The forest we visited with Sergey's grandfather was planted after WW2, over the front line of Kiev. There were trees, birch trees especially, and leftover pillboxes, barbed wire, and trenches. Sergey's grandfather explained that there was never a big battle in Kiev, and the pillboxes were used for cover fire for the retreating troops. From the empty bottles it looked like the pillboxes were prime locations for vodka consumption. We found the blown-up pillbox. Apparently the people inside blew themselves up to avoid being captured (or something?). How much explosives was necessary to blow up one of those things and they had that much stored inside? There were also monuments and graves to the soldiers who died defending Kiev. Sergey's grandfather told us (and Sergey translated) about Chernobyl as we were walking in the forest. We drove to another area by a lake in the limo afterwards, saw a gecko, and skipped stones.
Marge fell sick on the second day.

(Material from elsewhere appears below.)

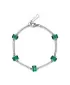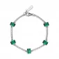 Veľmi slušivý náramok je vyrobený z rhodiovaného striebra rýdzosti 925/1000. Ródium je ušľachtilý drahý kov zo skupiny platinových kovov. Rhodiovaním strieborných šperkov galvanickým nanášaním tohto drahého kovu sa stáva povrch šperku tvrdší, stálejší a odolnejší voči vonkajším vplyvom ako je mechanický oter, poškriabanie, nabiehanie striebra, ľudský pot, kozmetické prípravky a ďalšie. Ródium je antialergické. Náramok je zdobený menšími kubickými zirkónmi a hranatými kubickými zirkónmi v zelenej farbe. Dĺžka náramku je 16 cm a zapína sa na spoľahlivú karabínu.

She probably caught something in Russia. That was one vicious virus and all of us caught it eventually, with varying degrees of severity. In my case the virus stayed with me all the way to Budapest three weeks later.

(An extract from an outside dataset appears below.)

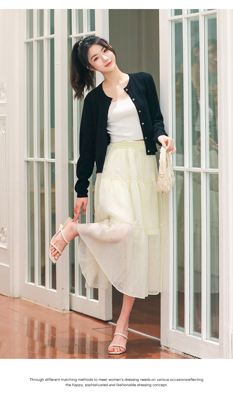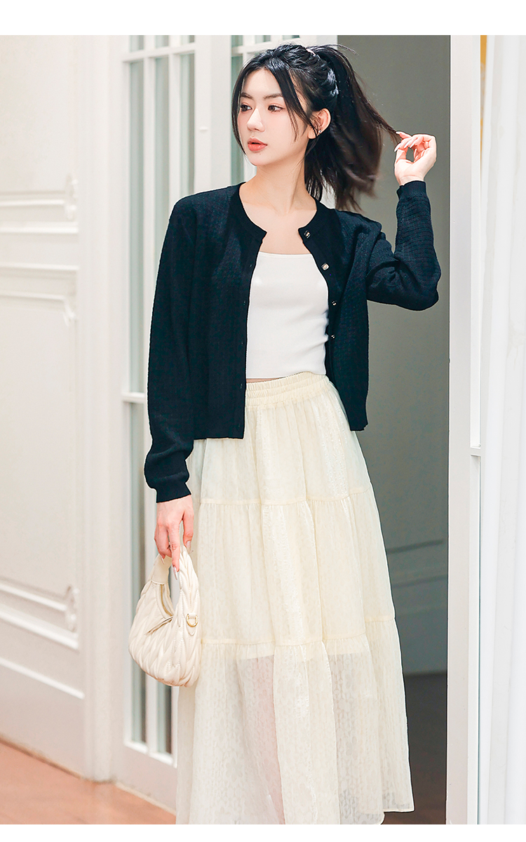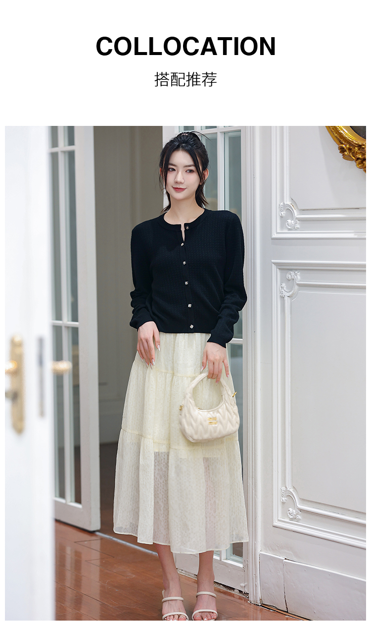 NUTS春秋季新款高腰网纱半身裙女中长款A字裙子4310605A1

Sergey's grandparents were great. Sergey's grandmother was especially amusing. She was as equally enthusiastic in communicating with us in English as she was in seeing her grandson. I guess Sergey felt a little funny about this and I found his reactions ("Babushka!") really, really funny. It was like what I expected non-Asian grandmothers to be like. They really were wonderful people, trying to make our stay as good as possible. They took good care of Marge when she was sick and stayed in bed all day, fed us, did our laundry, woke up at 430 so they could drive us to the airport when we flew to Warsaw, and so many other things.
Speaking of the grandparents they had a giant (but still spoon-sized) Nazi trophy spoon from the war that Sergey ate soup from. We saw the same spoon on display in the war museum that we walked a billion steps up to. Paul's friend who worked in the museum told him that there was a corner dedicated to Paul's grandfather and so we tried to find it but failed. It was too bad that the plaques and signs in the museum were all in Russian or Ukrainian because I would really like to be able to read them. Outside there was a little display of military equipment and for a couple of hryvnias we could go inside some helicopter that Sergey and Luke were very excited about. We had already looked at tanks and airplanes in Moscow though.
In our last evening in Kiev Sergey's grandparents asked us if we would like wine. We drank sweet wine in small glasses and toasted to Sergey's grandparents for their hospitality. They proposed a toast to the four of us travelers, that we will always keep in touch, even when we are in different parts of the world, and beware if one of us run off... My closest friends from four years and eight months in Waterloo, the last four months, working on ECE427, playing badminton on Wednesdays and Fridays, talking until sunrise, playing Munchkin and Risk, everything converged in the moment I raised the glass and downed the wine. I am now sitting on the flight to Vancouver, having said goodbye to my friends and to Ontario, soon I will bid Canada farewell, and I sincerely hope that we will keep the promise because these people have made my time in Ontario memorable despite me being on a different stream and despite Luke being the only person in the group whom I knew for more than four months. It was only the first week of our trip but in my mind the goodbyes had already been said, in Kiev.